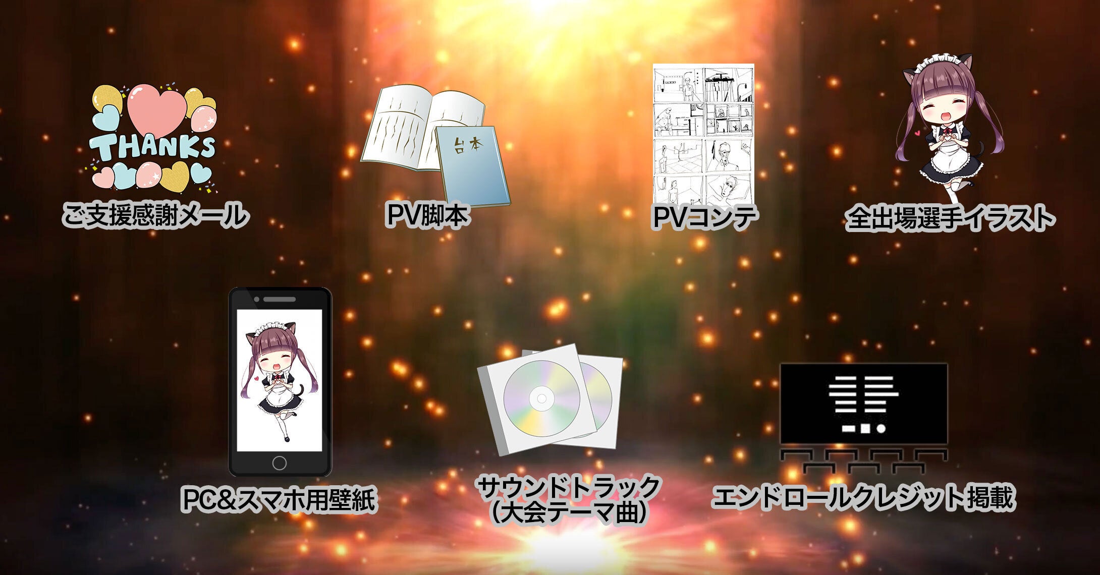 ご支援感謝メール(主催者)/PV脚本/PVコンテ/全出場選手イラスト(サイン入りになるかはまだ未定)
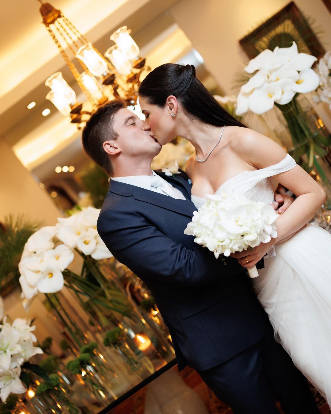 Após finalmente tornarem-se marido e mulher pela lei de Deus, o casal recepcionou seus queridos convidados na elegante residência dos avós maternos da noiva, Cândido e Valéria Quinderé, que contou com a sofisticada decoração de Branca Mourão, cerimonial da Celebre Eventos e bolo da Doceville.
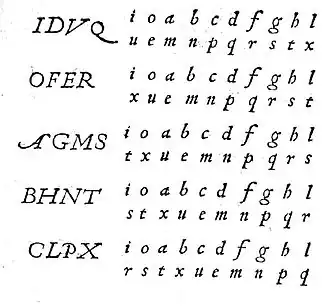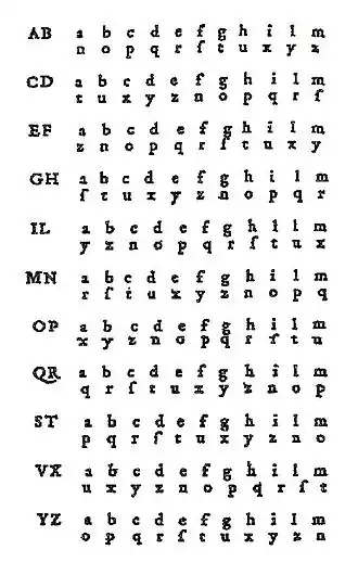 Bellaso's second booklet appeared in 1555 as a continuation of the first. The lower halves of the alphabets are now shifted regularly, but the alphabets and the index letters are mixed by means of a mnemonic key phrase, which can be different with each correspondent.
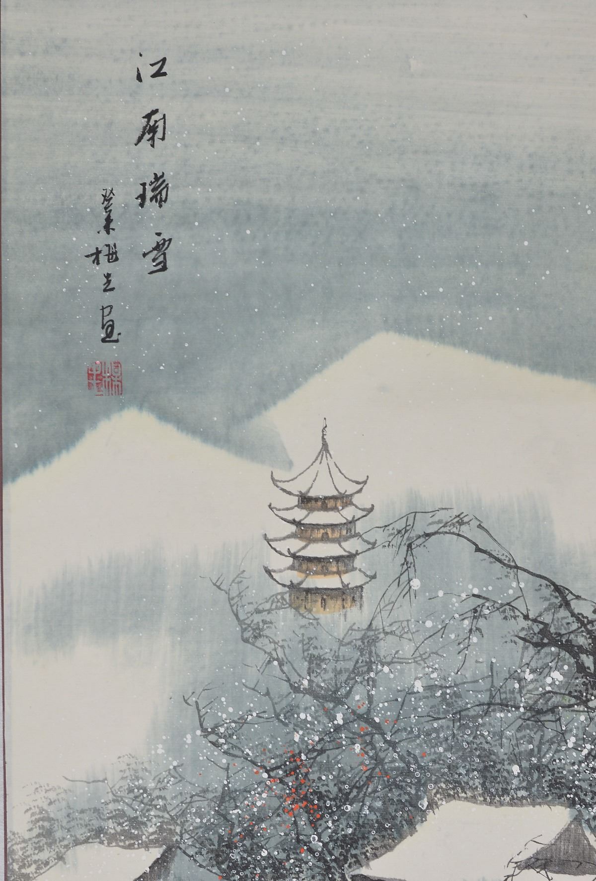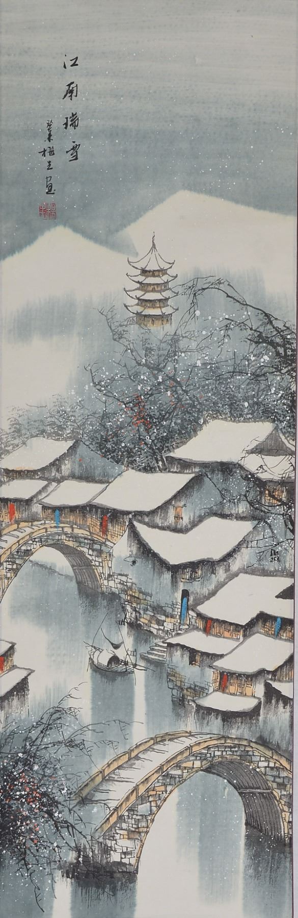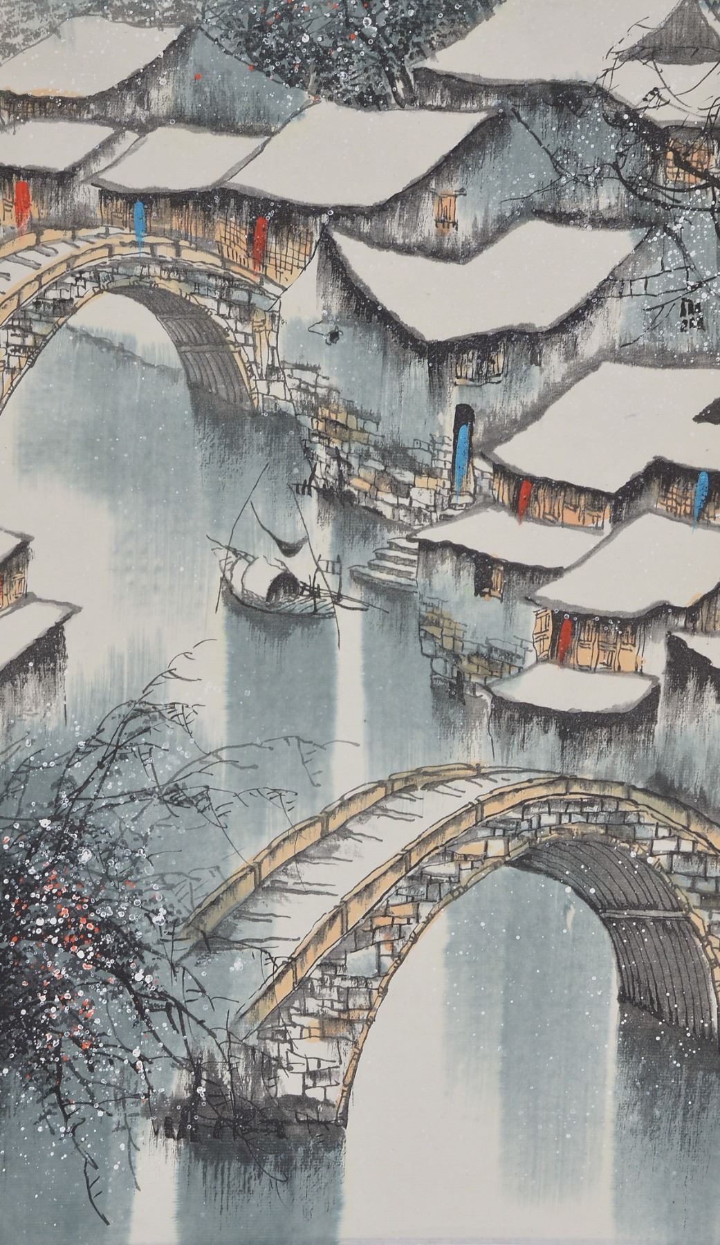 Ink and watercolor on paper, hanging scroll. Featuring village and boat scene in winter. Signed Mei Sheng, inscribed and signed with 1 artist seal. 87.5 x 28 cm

Activity: Only what runs from the line with "Bellaso's second booklet" through the last line of the listing above belongs in the answer, set down exactly and free of pictures.

Exercise solution:
 Bellaso's second booklet appeared in 1555 as a continuation of the first. The lower halves of the alphabets are now shifted regularly, but the alphabets and the index letters are mixed by means of a mnemonic key phrase, which can be different with each correspondent.
 Ink and watercolor on paper, hanging scroll. Featuring village and boat scene in winter. Signed Mei Sheng, inscribed and signed with 1 artist seal. 87.5 x 28 cm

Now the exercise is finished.